Bitcoin miners are selling their bitcoin to stop mining bitcoin.
The Summary
- Public bitcoin miners spent $79,995 per coin last quarter while bitcoin trades at $70,000, making every coin mined a $10,000 loss before overhead.
- The industry response: pivot to AI infrastructure, sign $70 billion in contracts, and liquidate the bitcoin they were supposed to be accumulating.
- This isn't a minor correction, it's the hardware layer of crypto financing its own obsolescence by selling out to the agent economy.
The Signal
The numbers tell a brutal story. When your production cost is 14% higher than market price, you're not in the business of making money, you're in the business of losing it slower than the next guy. Bitcoin miners collectively took on $70 billion in AI contracts because the same data centers they built to solve SHA-256 puzzles can solve transformer layer calculations instead. Better margins, more predictable revenue, actual customers who pay in dollars.
The irony is thick. Bitcoin's ethos was always about holding, about being your own bank, about the inevitable monetization of the hardest asset. MicroStrategy made headlines buying and never selling. Miners were supposed to be the ultimate believers, the infrastructure class with skin in the game. Instead, they're capitulating at scale, dumping treasuries to fund GPU clusters and AI inference workloads.

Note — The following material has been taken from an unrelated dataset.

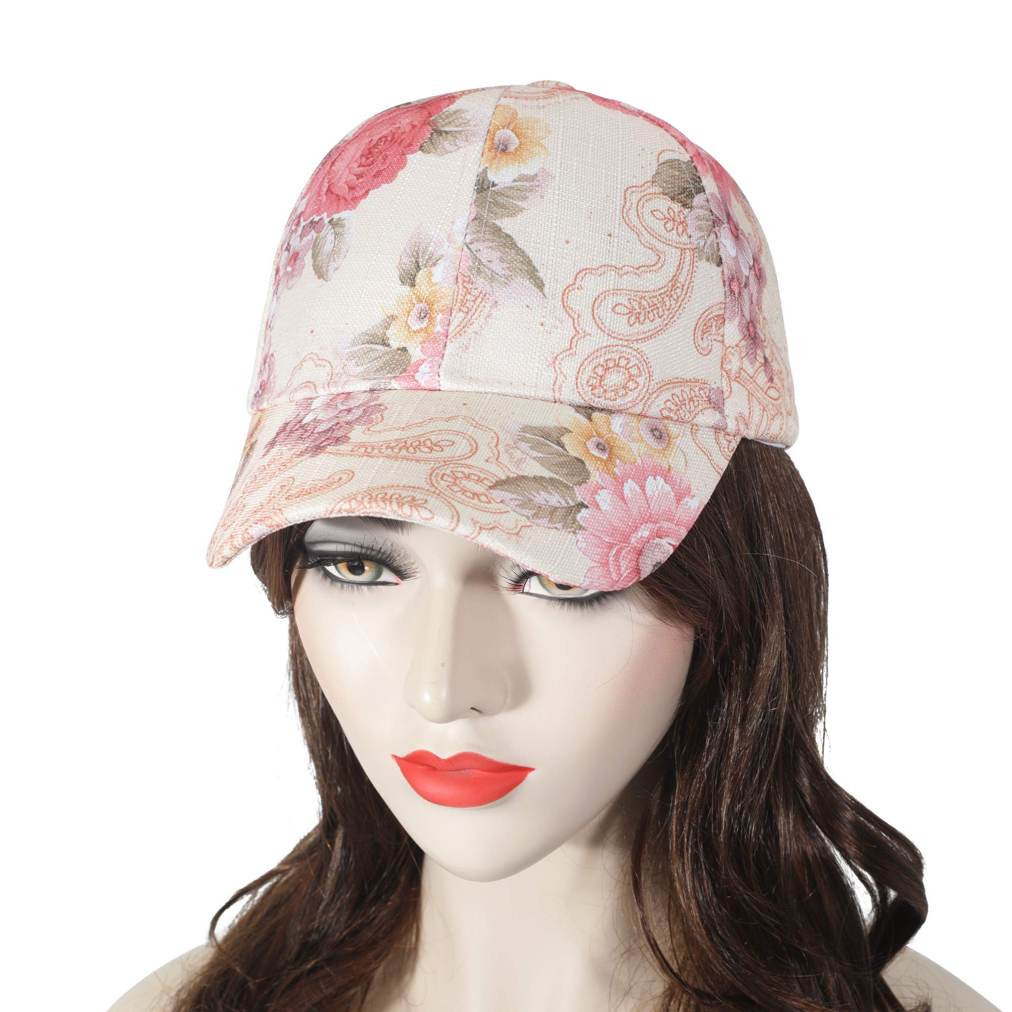 Off-white base + vibrant pink flowers + This baseball cap features a full paisley pattern, exuding a retro, pastoral style that’s gentle, refined, and understated, effortlessly adding a romantic touch to any outfit.
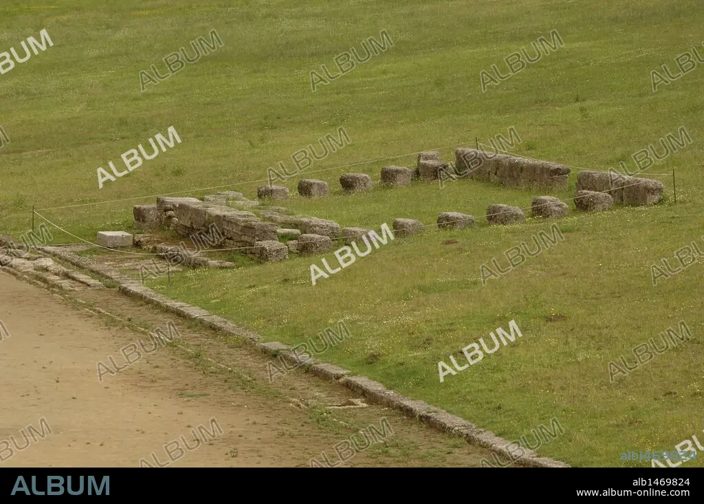 ARTE GRIEGO. GRECIA. ESTADIO DE OLIMPIA. Vista parcial de las ruinas del estadio en el que se celebraban los juegos olímpicos. Este nunca tuvo graderíos, únicamente una tribuna para los jueces en el lado derecho. OLIMPIA. Provincia de Ilia. Región Peloponeso.

This isn't just about one sector struggling. It's about what happens when the physical infrastructure of Web3 realizes Web4 pays better. These companies own land, power contracts, cooling systems, and fiber connections. Everything you need to run AI at scale. Bitcoin mining was the excuse to build it. AI revenue is the reason to keep it running.
The question nobody's asking: if the people literally securing the Bitcoin network would rather run Claude than mine blocks, what does that say about the staying power of proof-of-work as an economic model?
The Implication
Watch miner treasury addresses. When the validators stop validating their own thesis, the thesis might be wrong. If you're building in crypto, understand that your infrastructure partners are hedging against you. And if you're betting on AI, know that a lot of compute capacity just got cheaper because it was built for something else entirely.